If I had my druthers, he'd become a defensive standout and leave his offense where it belongs.

Play.


----------



## ProudBFan (Apr 29, 2003)

Play, it's also good for the franchise that they were able to sign Miles to a reasonable contract. This will help them a lot, down the road.

PBF


----------



## Playmaker0017 (Feb 13, 2004)

> Originally posted by <b>ProudBFan</b>!
> Play, it's also good for the franchise that they were able to sign Miles to a reasonable contract. This will help them a lot, down the road.


That's my point. 

They locked up the SF position. 

Miles is a capable SF at a capable price. 

If Portland can add another young 'un like Mason ... the SF will be a strong spot where depth is concerned. 

Play.


----------



## Sánchez AF (Aug 10, 2003)

Nice somebody knows for how many yrs. ?


----------



## MAS RipCity (Feb 22, 2003)

Awesome, the fan favorite is in crimson and black 4 life!

:clap:


----------



## rx2web (Jul 27, 2004)

Well mark Miles off the summer list of "Things Needing Taken Care Of". Sure it took longer then we had hoped for.
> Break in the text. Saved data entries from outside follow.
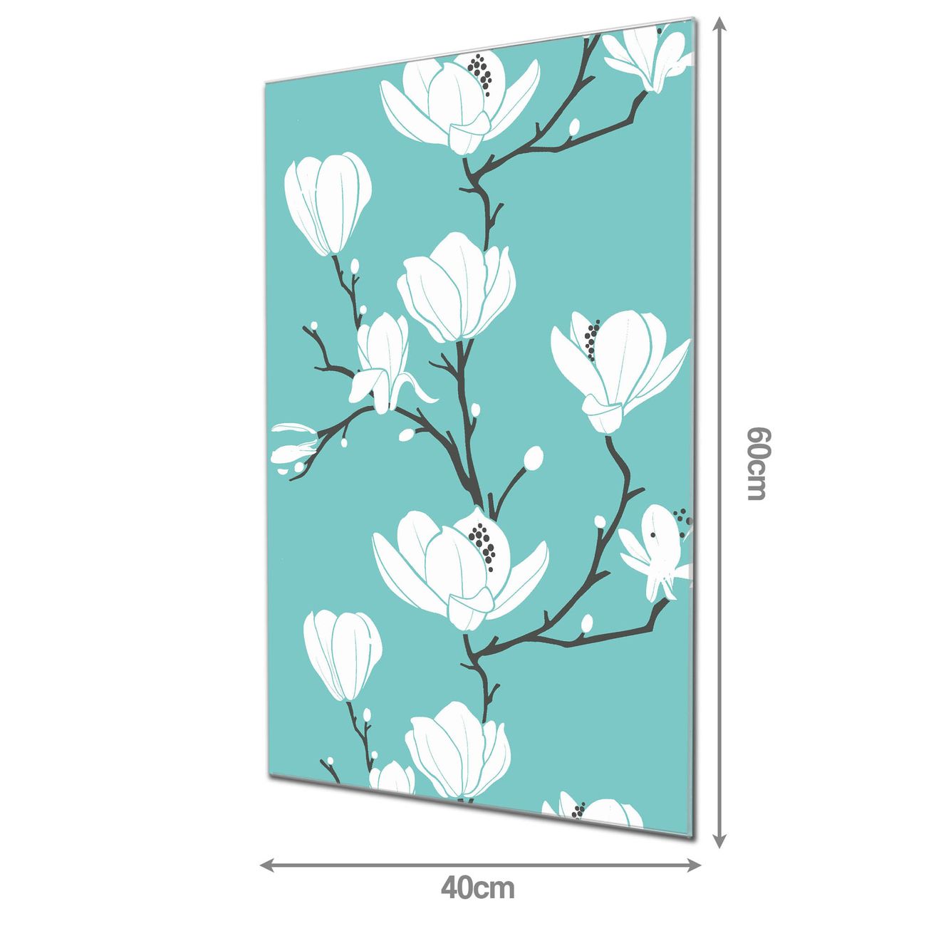 Material: 4mm Sicherheitsglas mit Metallrückwand Eigenschaften: beschreibbar, magnetisch, kratzfest Maße: 40x60x0,6cm, 3,60 kg schwer Motiv Nummer 10339 Magnolien Zubehör: inklusive 4 Neodym-Magnete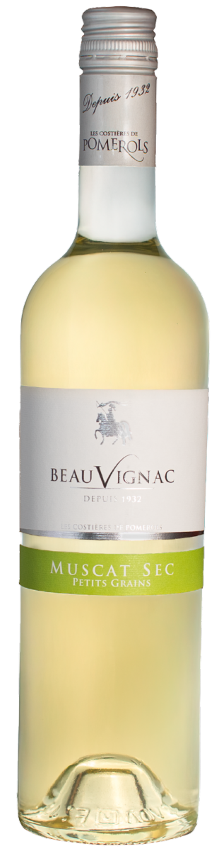 Le conseil du sommelier : ce Muscat sec au profil gustatif équilibré et à la puissante intensité aromatique se marie idéalement dès l'apéritif avec pour exemple des brochettes de crevettes et mangue, des blinis au tarama ou du fromage frais.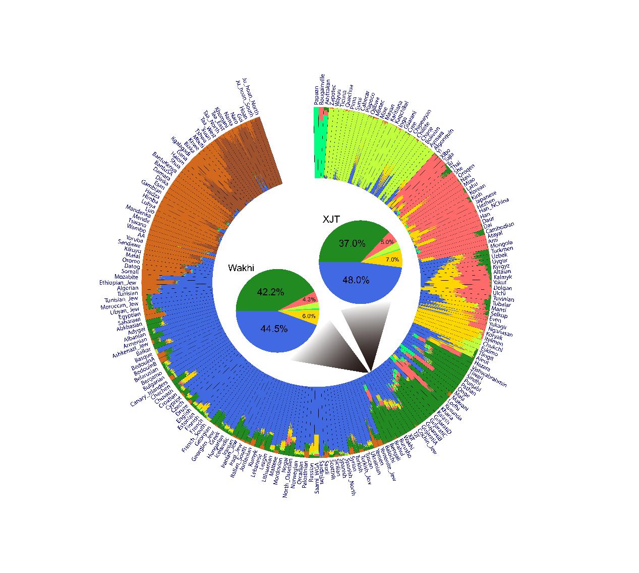 世居巴基斯坦、阿富汗、塔吉克斯坦和中国新疆环绕交界处的帕米尔瓦罕人自古以来就是连接东亚、中亚和南亚文化交融和贸易往来的重要桥梁,但关于瓦罕人的起源和演化历史仍然知之甚少。该研究采集了8个帕米尔瓦罕人的基因组数据,结合中国新疆塔吉克人群以及世界人群的参考数据进行了综合分析,发现瓦罕人和新疆塔吉克人具有相对更近的遗传关系。研究发现瓦罕人的祖源构成中超过85%来自西欧亚人群(西欧~44.5%;南亚~42.2%),少量来自东欧亚人群(西伯利亚~6.0%;东亚~4.3%)(图1)。
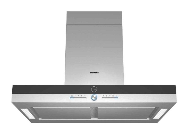 - Siemens LG 95950. Inselhaube mit einer minimalistischen Erscheinung, einem strengen und prägnanten Design. Es besteht aus klaren Linien und einfachen Formen. Großartig für High-Tech-Innenarchitektur. Das Modell ist aus strapazierfähigem Edelstahl gefertigt. Seine hohe Leistung reicht aus, um große Räume (800 Kubikmeter / m) zu reinigen. Hood dieser Marke kann eine Ablenkung und Rezirkulation sein. Plus der Entwurf ist, dass es mit Halogenbeleuchtung ausgestattet ist und vier Betriebsmodi hat.

But I think in the end everything is going to work out swimmingly. 

1. Lottery Draft.....Check (telfair looks like he could be a winner at 13)
2. Sign Miles........Check (Multi Year contract. Guess he isn't upset with the team any more)
3. Trade a Power Forward.....(I'd prefer Rahim, and nearly titled this line Trade Rahim)
4. Sign a Shooter......Check sorta (we did trade for NVE, but I think we could do better at SG for one of our PF's)

Nash doesn't seem to move quickly...but he does move. It's just hard having the patience to sit there and wait for the moves to come in. With any luck the patience pays off and we get good deals because of it.

My :twocents:


----------



## ProudBFan (Apr 29, 2003)

> Originally posted by <b>SpeakerBoxxx</b>!
> Nice somebody knows for how many yrs. ?


I saw a blurb that said 6. Don't know if that was confirmed or not though. Would be better for the Blazers if it was 6 instead of 5 - helps preserve his trade value near the end of the contract.

PBF


----------



## mook (Dec 31, 2002)

I remember feeling pretty happy when we'd finally locked up Bonzi on a much shorter contract, and DA on one about the same length. Pretty obvious how those two worked out for us. 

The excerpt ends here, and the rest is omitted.